We had 11 juices in total and the judges worked off a number, the only two people who knew which number was allocated to which juice was @Stroodlepuff and Shana to make it as fair as possible, the judges had no idea which juice belonged to who all they knew was a flavor profile.

Juices were judged on the following criteria and given a score out of 10 for each category with an overall rounded up score at the end:

1 - Finger Test
2 - Smell
3 - Flavour profile accuracy
4 - Flavour Intensity
5 - Smoothness
6 - After Taste
7 - Flavour Balance
8 - Does the juice have a chemical or artificial taste?
9 - Flavour Description provided
10 - Total Score.

The main feedback received from the judges was that the top 3 were very hard to choose as they were all incredible, so with that I would like to announce the winners.
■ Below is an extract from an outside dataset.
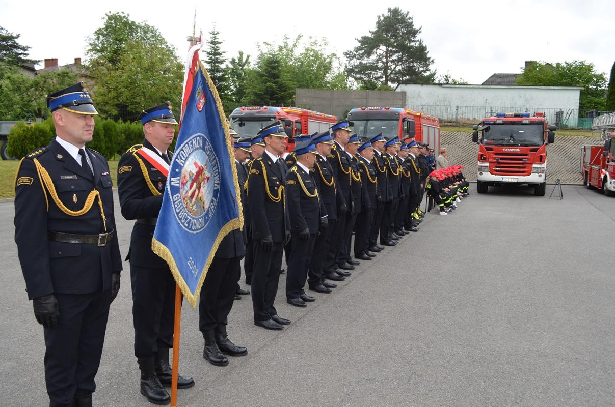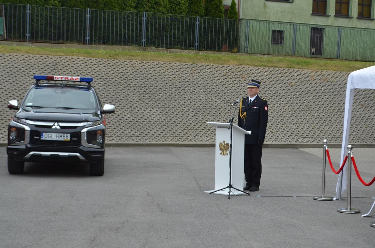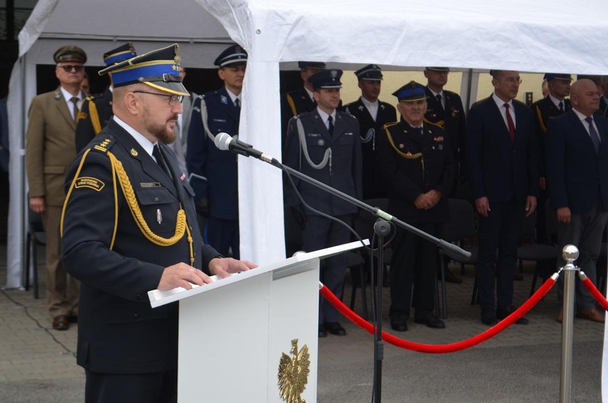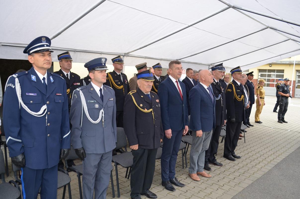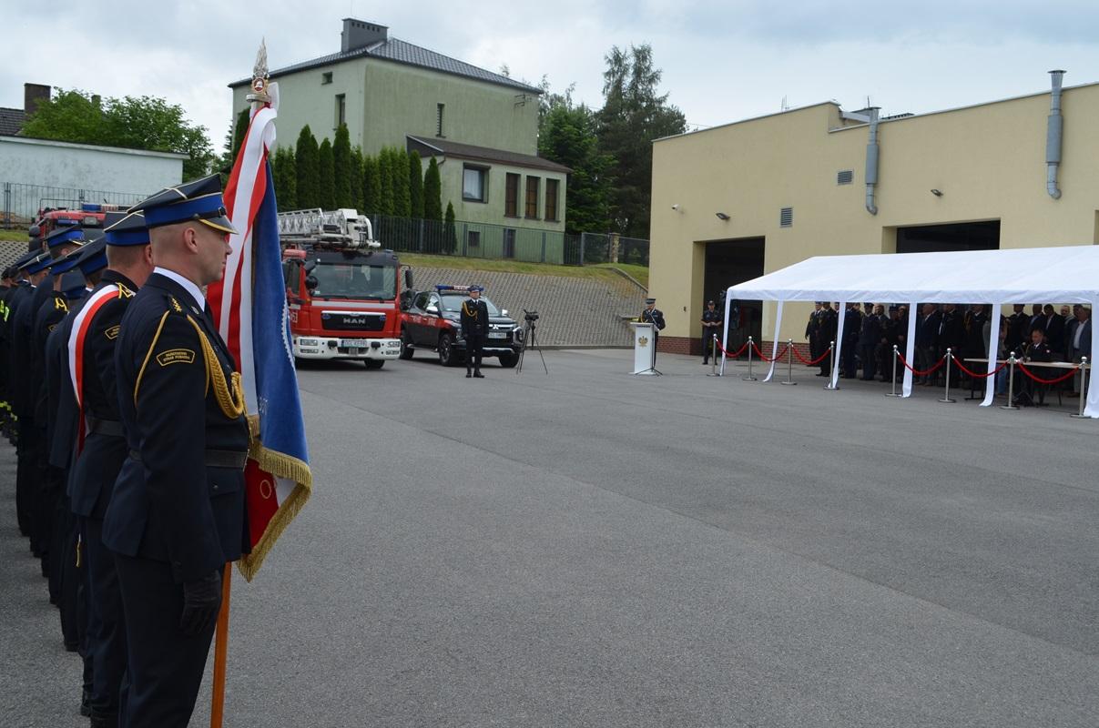 Po złożeniu meldunku przełożonemu przez st. kpt. Kacpra Węgrzyna - dowódcę uroczystości, nastąpiło podniesieniu flagi narodowej i odśpiewaniu hymnu państwowego. Następnie zgromadzonych gości oraz funkcjonariuszy i pracowników przywitał st. bryg. Wojciech Semeniuk - Komendant Powiatowy PSP w Głubczycach.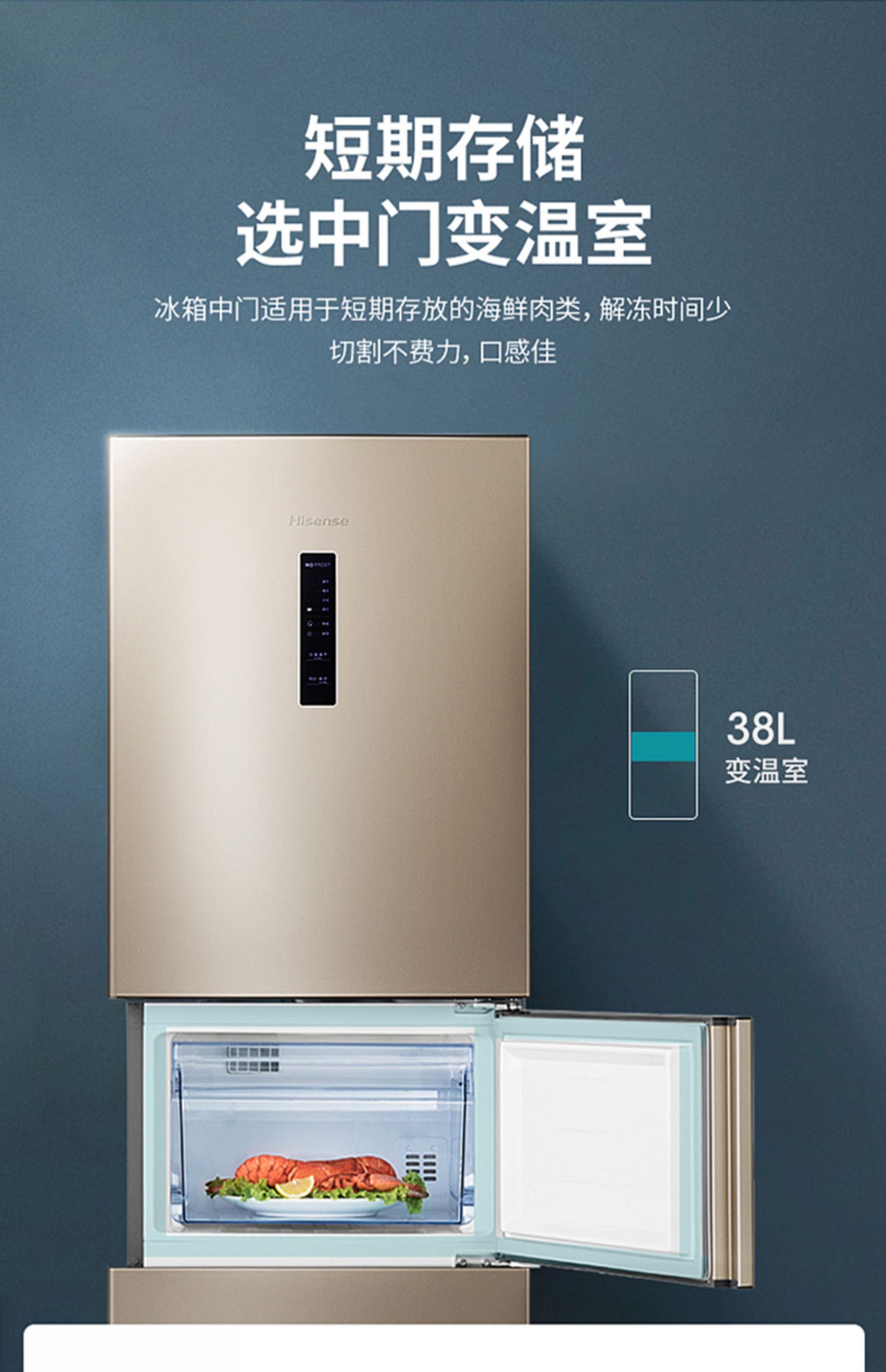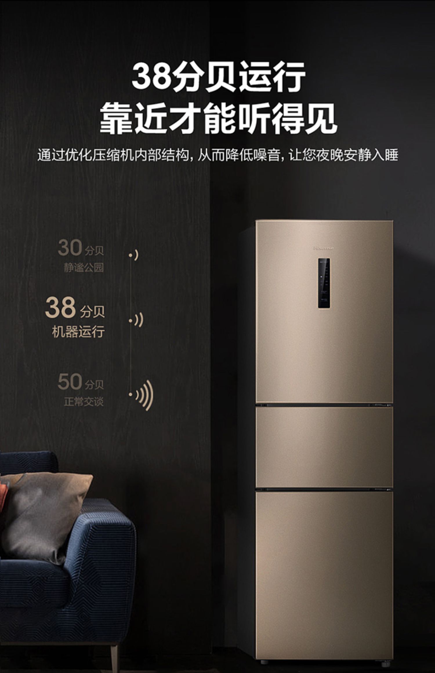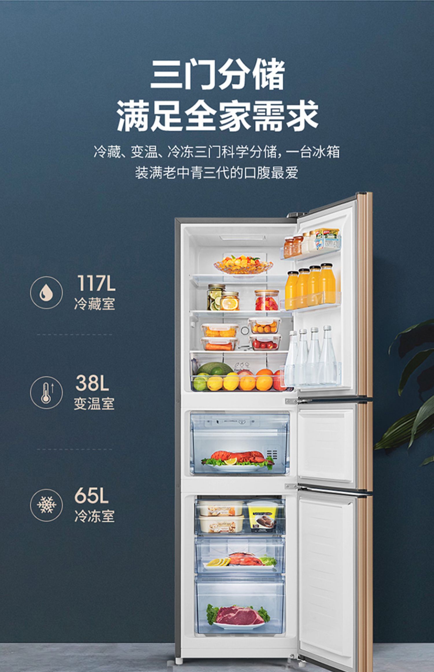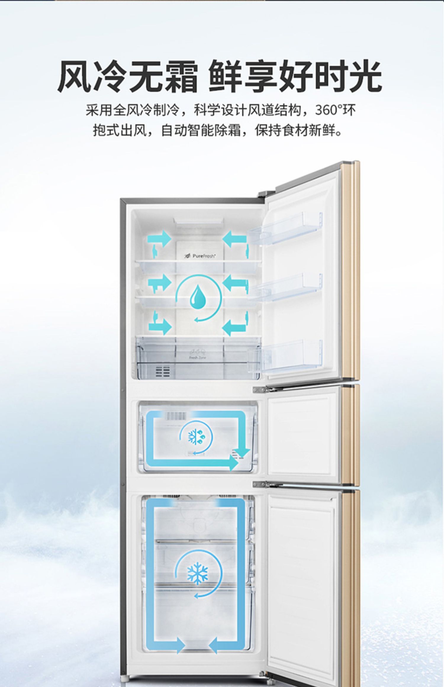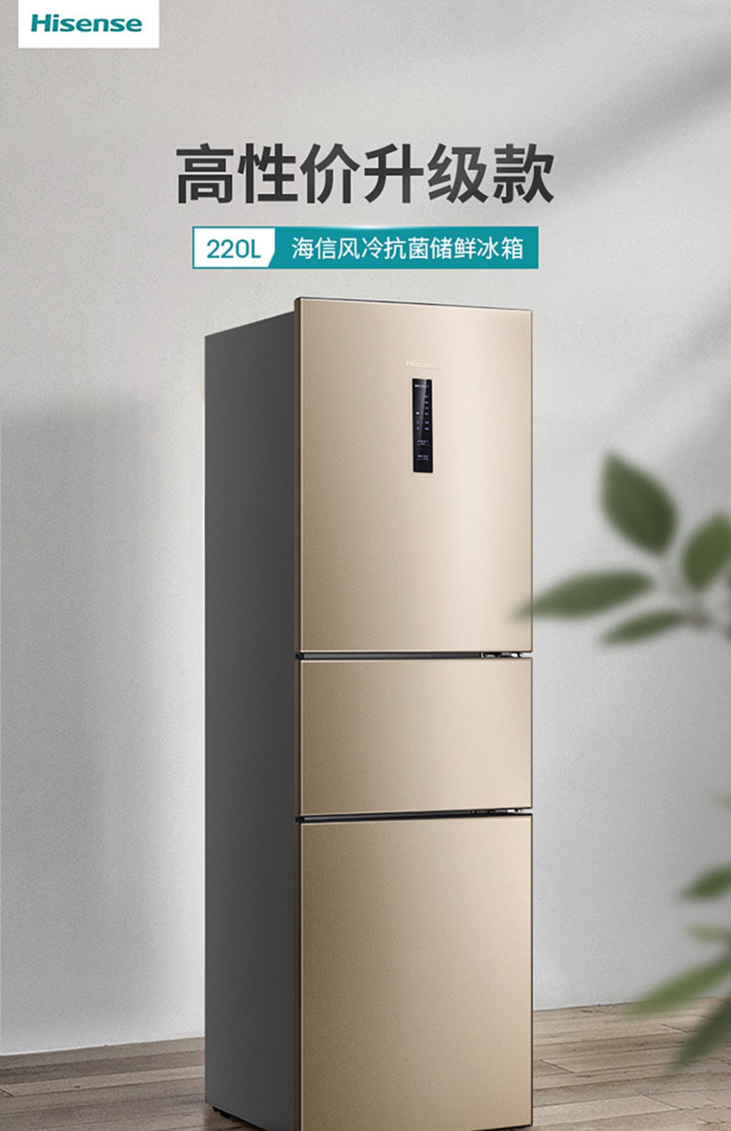 【天猫家装节】海信BCD-220WYK1DQ家用风冷无霜电冰箱~220L超大容量~幻彩金纤薄机身省地不占空间~3门分储,满足全家需求,抗菌保鲜~二级能效~省心不止一点~官方直营店~正品保障~

*In Third place we have....Gbom Vapes

Gbom entered an incredible Blackcurrant and lemon mixture which was super refreshing


Well done, Grant, we are looking forward to seeing this juice reach vape store shelves everywhere


In second place we have Prime Vape

Prime Vape entered an amazing, lush peach ice which is a combination of wild melons, watermelon peach and ice.




Well done, Max, we cannot wait to see this juice on shelves everywhere

And Drumroll please.... the winner of the VapeCon 2022 Local vendor juice shootout is once again the boys from Vape Republic.




Vape Republic entered an amazing Lychee & Raspberry with a succulent balanced Cherry





A big congratulations to Akeel and his team! We cannot wait to see this juice everywhere!*

Reactions: Winner 5


----------



## Silver (1/12/22)

Congrats to all

Thanks for sharing the top 3 places and explaining how it was done!

Well done Akeel and the @Vape Republic team! 
That juice sounds amazing, now I want to try it!

Reactions: Like 1


----------